Wikipedia:Bots/Requests for approval/SQLBot-AmazonAffiliateRemoval

SQLBot-AmazonAffiliateRemoval

Operator: SQL (talk · contribs · SUL · edit count · logs · page moves · block log · rights log · ANI search)

Time filed: 01:11, Tuesday, December 11, 2018 (UTC)

Function overview: Per Wikipedia:Spam#Affiliate_links, removes the affiliate (tag=) portion from amazon links.

Automatic, Supervised, or Manual: Automatic

Programming language(s): PHP

Source code available: Once complete, yes.

Edit period(s): Daily

Estimated number of pages affected: 673 in the first run

Namespace(s): Mainspace

Exclusion compliant (Yes/No): No

Function details: Looks for tag= in amazon urls, this query:

SELECT page_title, 
                el_to 
FROM   externallinks 
       JOIN page 
         ON el_from = page_id 
WHERE  ( el_to LIKE "%amazon.%tag=%" 
          OR el_to LIKE "%amzn.%tag=%" ) 
       AND page_namespace = 0;

To find pages, and URLs. Once found, removes ?tag= from every amazon url as found above.

The function used to strip the tag= portion of the url is:

$p_url = parse_url( $url );
parse_str( $p_url['query'], $out );
unset( $out['tag'] );
$q = array();
foreach( $out as $o=>$t ) {
        array_push( $q, "$o=$t");
}
$stripped = "https://" . $p_url['host'] . $p_url['path'] . "?" . implode( "&", $q );

Discussion

Approved for trial (25 edits). Please provide a link to the relevant contributions and/or diffs when the trial is complete. — xaosflux ^Talk 01:28, 11 December 2018 (UTC)[reply]

I note that SQL query is not very efficient. There's no way to really avoid the table scan, but you should be able to greatly improve subsequent runs by remembering the maximum el_id value from just before the current run and only looking at rows with higher values next time. Anomie⚔ 18:28, 11 December 2018 (UTC)[reply]
- Also you might consider batching the query: select with AND el_id BETWEEN X AND X+10000 or something like that, process whichever rows you got from that, and repeat with increasing X until it's greater than the current MAX(el_id). Ideally adjust the "10000" there so each batch doesn't take more than a second or two to return. Anomie ⚔ 18:36, 11 December 2018 (UTC)[reply]

Trial complete. I ended up implementing batching as suggested above. 100000 ids at a time, each query takes between 1 and 2 seconds to run. In the beginning, there were some issues with url encoding, but those have been resolved. SQL ^{Query me!} 23:09, 11 December 2018 (UTC)[reply]

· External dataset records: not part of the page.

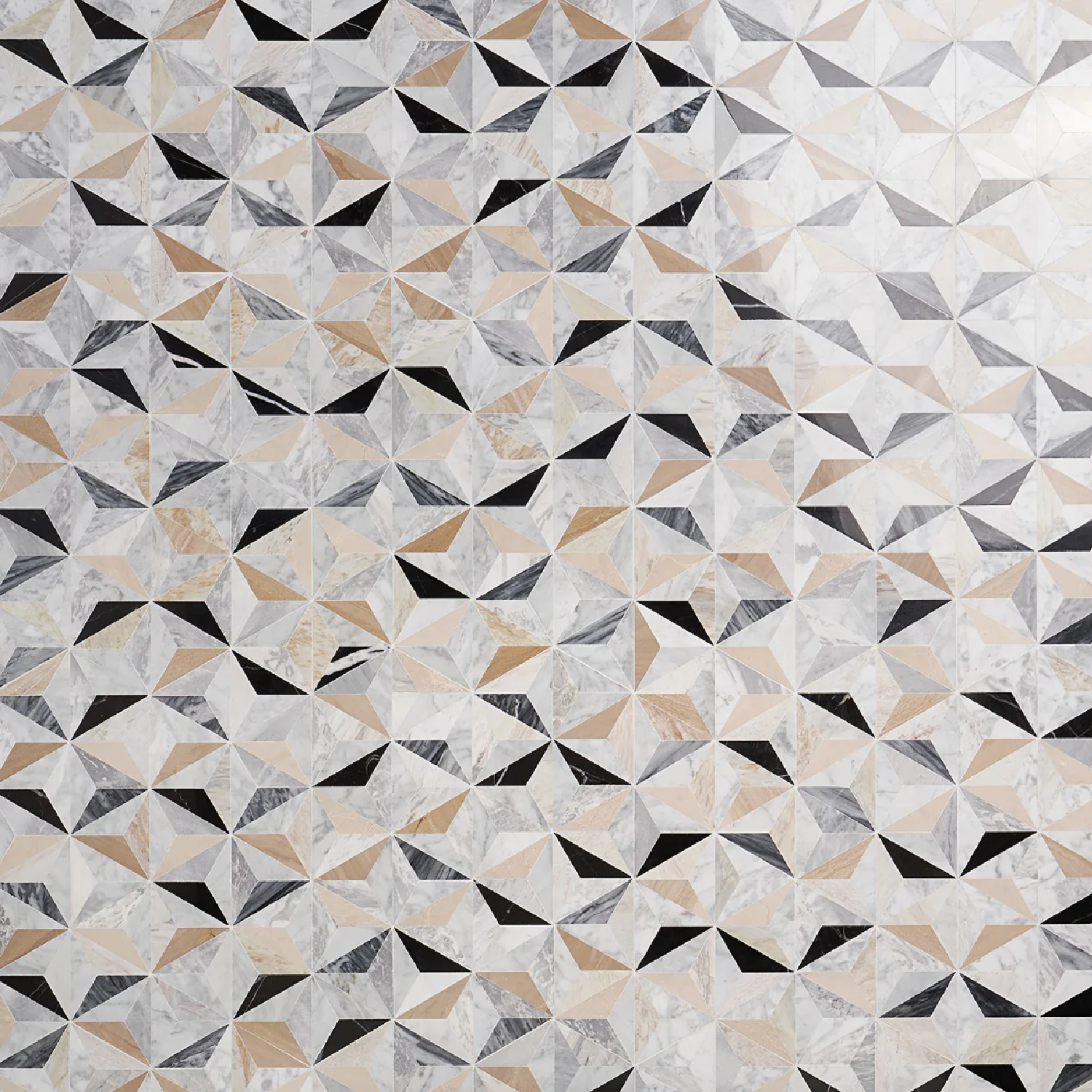 Regular price $56.44Elevate your space with the Phantasm Harvest Cream and Gray Polished Mixed Marble Mosaic Tile. This exquisite mosaic tile features a captivating pattern of triangles forming six-pointed stars, crafted from the finest marbles sourced globally. Perfect for both residential and commercial applications, this tile promises to add a new dimension of visual drama and elegance to any wall or floor.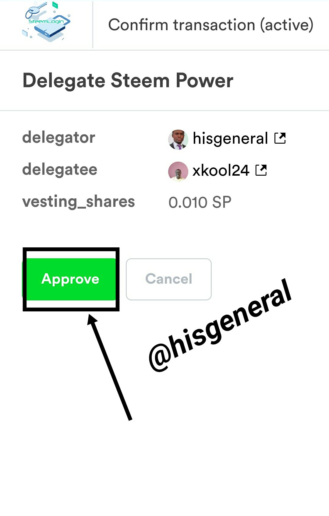 - On the next interface, fill in delegator ID, delegatee ID and Amount then choose your preferred means of delegating. (Shown below)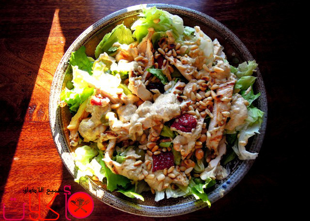 سلطة الدجاج بالكاري مؤلفة من الدجاج المقطع الى مكعبات ويخلط مع الزبيب، التفاح، العنب، البصل، الكرفس، الخس، والفستق السوداني للزينة، يمكن تقديم هذه الوصفة مع الحساء المفضل.

Q: Is 673 pages the estimated total that have a tag, or just a small trial set? Asking because if it's a large number, it should be aware of archive URLs. Changing an archive URL will break the URL. We have many millions of archive URLs. There are a couple fairly simple ways to avoid archive URLs I can pass along if you would like. -- GreenC 23:42, 11 December 2018 (UTC)[reply]
GreenC, That should be everything, and that's a very good catch. I could check the "host" portion of parse_url to make sure it contains either "amazon" or "amzn". I believe that would be sufficient.

By the way - I imagine that we could probably reduce this to a one-time run as well, if someone wanted to make an edit filter or spam blacklist entry to stop these before they get started. SQL ^{Query me!} 23:50, 11 December 2018 (UTC)[reply]

Not sure how it's parsing the article for URLs, might it still pick up URLs in the query or path portion of another URL? The two main types lead with either a "/" or "?url=" like archive.org/web/20181210010101/http://... or webcitation.org/456hsdus?url=http:// if it back checked for those leading character(s) should be safe. User:Headbomb came up with a regex for this I can try to track down if you'd like. -- GreenC 00:08, 12 December 2018 (UTC)[reply]

Don't really know what I can do to help here with regexes. However, I'll comment on blocking affiliates with an edit filter. Most often, those are just good faith copy-pastes of URLs. That shouldn't really be blocked, although an edit summary tag might be appropriate. Headbomb {t · c · p · b} 01:35, 12 December 2018 (UTC)[reply]

I've updated it to require that the hostname returned by parse_url contains either "amazon.", or "amzn." - which will handle any issues surrounding archives. SQL ^{Query me!} 04:25, 13 December 2018 (UTC)[reply]

User:SQL: question: If the Wikisource contains http://archive.org/web/20181210010101/http://amazon.com/.. a regex for an amazon URL would match on http://amazon.com/.. portion, and parse_url would OK it since it has an amazon hostname. -- GreenC 04:41, 13 December 2018 (UTC)[reply]

GreenC, If you aren't familiar with the PHP's parse_url(), you can play with it here.

The results I get from your specific example are:

array (
'scheme' => 'http',
'host' => 'archive.org',
'path' => '/web/20181210010101/http://amazon.com/',
)

Of which, 'archive.org' would return false on a strpos( "archive.org", "amazon." ) call, skipping that URL. SQL ^{Query me!} 04:46, 13 December 2018 (UTC)[reply]

As this is appears to be a single-purpose account, please build out the user page a bit more to explain why this bot is doing what it does so that people looking at it will have an understanding that Wikipedia isn't in some us-vs-Amazon fight. — xaosflux ^Talk 03:16, 12 December 2018 (UTC)[reply]
Xaosflux, Doing..., but while I'm doing so - I thought it might be appropriate to rename the bot as well, removing the 'amazon' bit. Both for the reason you point out above, and that I might use it later for other affiliate link removals. What do you think? SQL ^{Query me!} 04:16, 13 December 2018 (UTC)[reply]